- [Activity]: For the records below, output word for word the lines from the one with "韩国代购2017春装新款女装THE COUPLE 女式荷叶边宽松格子衬衫女" up to and including the one with "平臺(tái)包含中控計(j". No pictures.

- [Given information]:
========================================

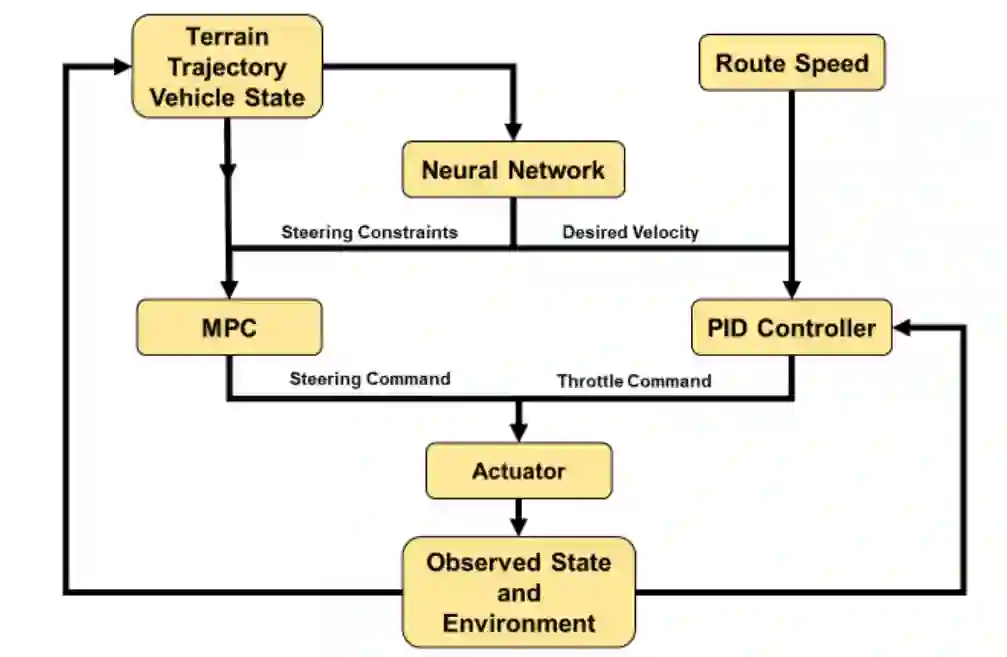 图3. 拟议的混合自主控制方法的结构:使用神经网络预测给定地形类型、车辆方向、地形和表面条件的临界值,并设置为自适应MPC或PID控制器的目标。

========================================

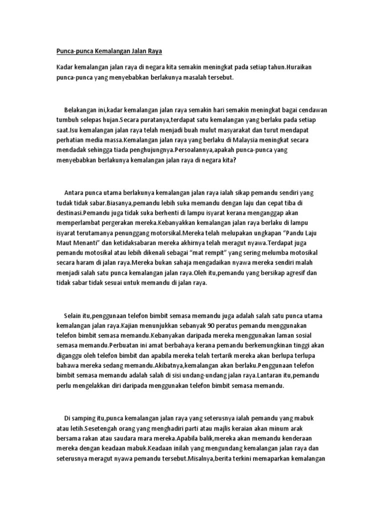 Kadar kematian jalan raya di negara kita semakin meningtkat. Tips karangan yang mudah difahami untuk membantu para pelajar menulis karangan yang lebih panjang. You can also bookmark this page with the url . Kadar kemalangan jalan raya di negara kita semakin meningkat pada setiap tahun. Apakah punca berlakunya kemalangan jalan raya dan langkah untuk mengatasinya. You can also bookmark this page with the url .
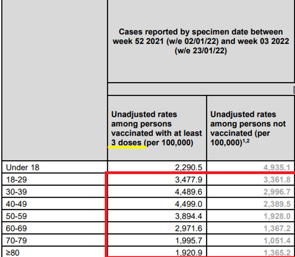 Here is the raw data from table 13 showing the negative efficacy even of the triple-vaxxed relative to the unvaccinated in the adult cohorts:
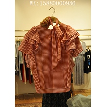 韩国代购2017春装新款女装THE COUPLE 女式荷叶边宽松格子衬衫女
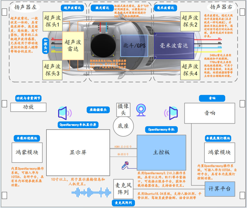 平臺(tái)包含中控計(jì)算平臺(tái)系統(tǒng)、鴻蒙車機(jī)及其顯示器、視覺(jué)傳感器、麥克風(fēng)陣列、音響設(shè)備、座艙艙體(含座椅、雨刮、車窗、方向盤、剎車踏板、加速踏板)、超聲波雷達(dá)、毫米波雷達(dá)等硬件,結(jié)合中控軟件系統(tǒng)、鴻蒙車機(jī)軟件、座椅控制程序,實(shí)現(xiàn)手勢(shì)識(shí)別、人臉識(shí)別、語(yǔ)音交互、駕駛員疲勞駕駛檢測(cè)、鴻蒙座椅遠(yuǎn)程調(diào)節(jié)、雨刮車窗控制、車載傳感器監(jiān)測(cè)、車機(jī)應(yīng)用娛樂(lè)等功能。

========================================

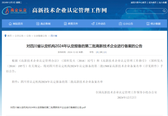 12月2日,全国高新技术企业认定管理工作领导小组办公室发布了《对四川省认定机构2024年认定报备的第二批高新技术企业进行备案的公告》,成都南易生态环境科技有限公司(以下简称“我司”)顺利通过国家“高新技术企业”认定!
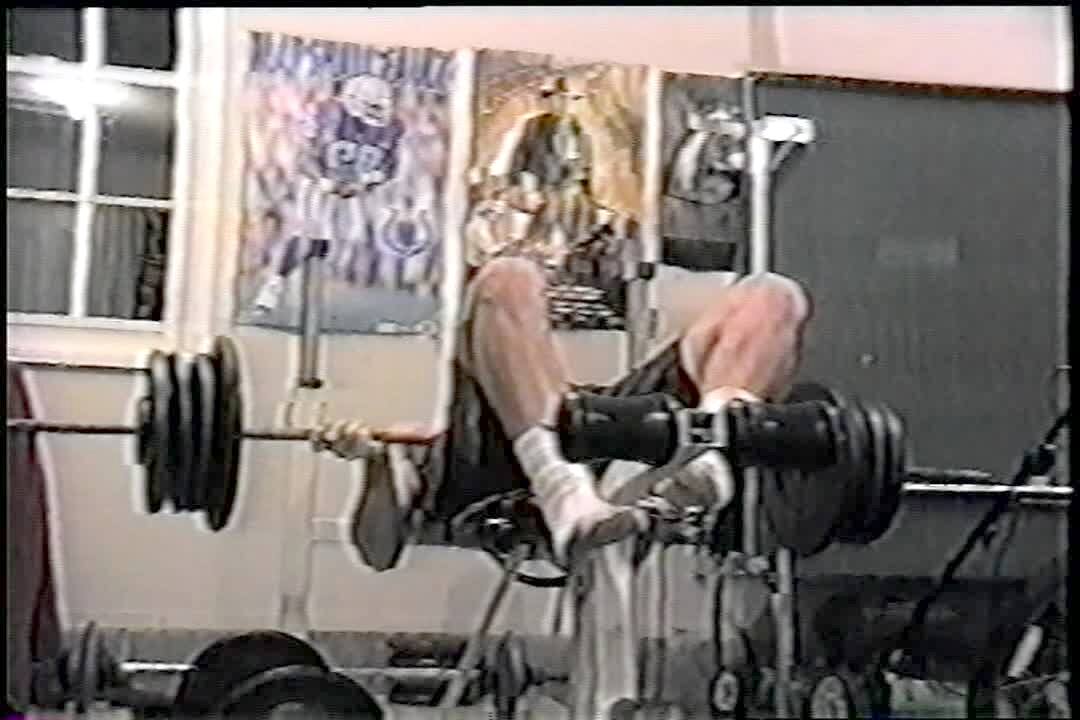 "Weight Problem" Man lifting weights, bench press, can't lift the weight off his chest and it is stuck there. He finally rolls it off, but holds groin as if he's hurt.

========================================

- [The answer]:
 韩国代购2017春装新款女装THE COUPLE 女式荷叶边宽松格子衬衫女
 平臺(tái)包含中控計(jì)算平臺(tái)系統(tǒng)、鴻蒙車機(jī)及其顯示器、視覺(jué)傳感器、麥克風(fēng)陣列、音響設(shè)備、座艙艙體(含座椅、雨刮、車窗、方向盤、剎車踏板、加速踏板)、超聲波雷達(dá)、毫米波雷達(dá)等硬件,結(jié)合中控軟件系統(tǒng)、鴻蒙車機(jī)軟件、座椅控制程序,實(shí)現(xiàn)手勢(shì)識(shí)別、人臉識(shí)別、語(yǔ)音交互、駕駛員疲勞駕駛檢測(cè)、鴻蒙座椅遠(yuǎn)程調(diào)節(jié)、雨刮車窗控制、車載傳感器監(jiān)測(cè)、車機(jī)應(yīng)用娛樂(lè)等功能。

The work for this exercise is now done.